◆ AIM OF THE EXERCISE ◆
Output exactly, in the material below, the lines from the one with "毅廷喇叭工程師研發(fā)出" through the one with "Compared to sugarcane". Omit all pictures.

◆ GIVEN RECORDS ◆
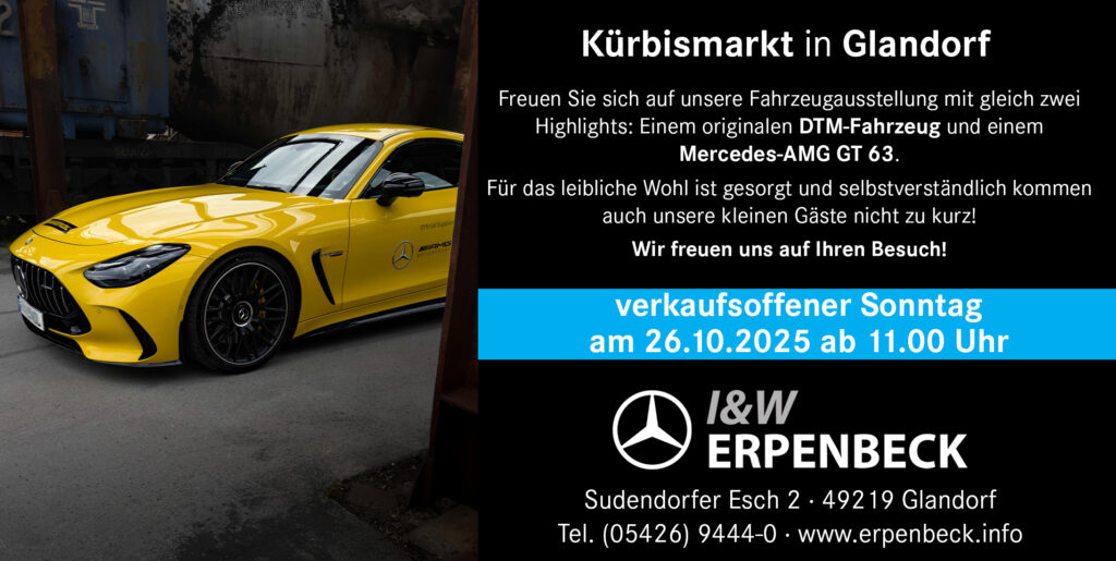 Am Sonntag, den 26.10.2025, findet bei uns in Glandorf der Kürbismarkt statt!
* * *
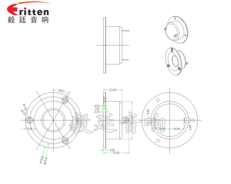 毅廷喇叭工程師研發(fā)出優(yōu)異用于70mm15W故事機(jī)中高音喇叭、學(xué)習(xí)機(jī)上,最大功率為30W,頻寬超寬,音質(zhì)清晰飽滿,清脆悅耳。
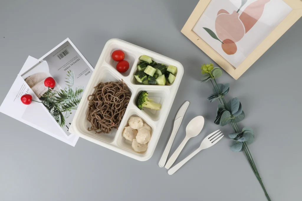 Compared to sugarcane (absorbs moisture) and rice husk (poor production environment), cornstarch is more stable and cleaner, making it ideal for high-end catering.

◆ REPLY ◆
 毅廷喇叭工程師研發(fā)出優(yōu)異用于70mm15W故事機(jī)中高音喇叭、學(xué)習(xí)機(jī)上,最大功率為30W,頻寬超寬,音質(zhì)清晰飽滿,清脆悅耳。
 Compared to sugarcane (absorbs moisture) and rice husk (poor production environment), cornstarch is more stable and cleaner, making it ideal for high-end catering.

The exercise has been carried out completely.